Designing dual-functional mesoporous g-C3N4 nanosheets doped with KPF6 for H2O2 production and antibiotic degradation

The development of versatile photocatalytic material is an effective strategy to accelerate the generation of clean chemical products and the degradation of antibiotics. Herein, KPF6-modified graphite carbon nitrides were obtained through calcination of melamine-cyanuric acid supramolecular-complex in the existence of potassium hexafluorophosphate (KPF6), and the material with a KPF6 mass fraction of X% was named KPFCN-X. The doping of KPF6 optimized the band gap and visible light absorption capacity of the material, which could effectively accelerate the separation of photo-induced electron-hole pairs, and extended the lifetime of photoexcited electrons.
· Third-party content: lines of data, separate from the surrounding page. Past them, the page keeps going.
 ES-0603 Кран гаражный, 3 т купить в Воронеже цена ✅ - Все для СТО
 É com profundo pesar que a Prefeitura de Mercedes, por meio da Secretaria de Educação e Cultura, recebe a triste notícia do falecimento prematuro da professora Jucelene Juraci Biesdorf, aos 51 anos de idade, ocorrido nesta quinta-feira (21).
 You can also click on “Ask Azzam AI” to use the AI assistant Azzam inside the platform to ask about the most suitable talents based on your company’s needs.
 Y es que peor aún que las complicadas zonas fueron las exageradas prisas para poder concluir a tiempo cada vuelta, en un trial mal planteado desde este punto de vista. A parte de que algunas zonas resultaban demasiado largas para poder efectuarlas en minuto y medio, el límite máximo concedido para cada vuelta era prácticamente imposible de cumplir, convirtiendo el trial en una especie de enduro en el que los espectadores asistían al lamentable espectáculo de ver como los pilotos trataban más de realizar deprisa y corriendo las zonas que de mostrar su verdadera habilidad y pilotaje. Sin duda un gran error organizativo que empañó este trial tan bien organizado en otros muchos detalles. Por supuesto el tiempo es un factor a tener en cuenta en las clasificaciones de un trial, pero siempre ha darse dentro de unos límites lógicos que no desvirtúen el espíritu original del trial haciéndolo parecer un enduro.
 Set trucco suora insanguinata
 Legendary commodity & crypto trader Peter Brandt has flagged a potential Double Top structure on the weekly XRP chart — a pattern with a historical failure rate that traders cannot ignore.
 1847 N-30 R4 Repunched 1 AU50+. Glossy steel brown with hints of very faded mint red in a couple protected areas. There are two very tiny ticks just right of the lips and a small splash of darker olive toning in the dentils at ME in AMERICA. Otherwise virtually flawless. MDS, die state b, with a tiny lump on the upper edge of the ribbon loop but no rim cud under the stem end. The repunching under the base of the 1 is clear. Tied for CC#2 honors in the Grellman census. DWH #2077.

Supported by the mesoporous structure and higher specific surface area, the optimized material provided abundant active sites for effective adsorption and utilization of oxygen molecules thus more conducive to H2O2 production. In the absence of additional O2, the H2O2 yield of KPFCN-1 was essentially the same as in the presence of O2 (2.25mmol·L-1). Additionally, photocatalysis using KPFCN-1 displayed great degradation performance on antibiotics, which removed more than 90% of ciprofloxacin hydrochloride (CIP) and tetracycline hydrochloride (TC) in 180min. Based on the results of various experimental characterizations, the mechanism of photocatalytic H2O2 production and photocatalytic degradation of CIP and TC by KPFCN were proposed. The KPFCN composite holds good promise in photocatalytic production of H2O2 and treatment of antibiotic wastewater.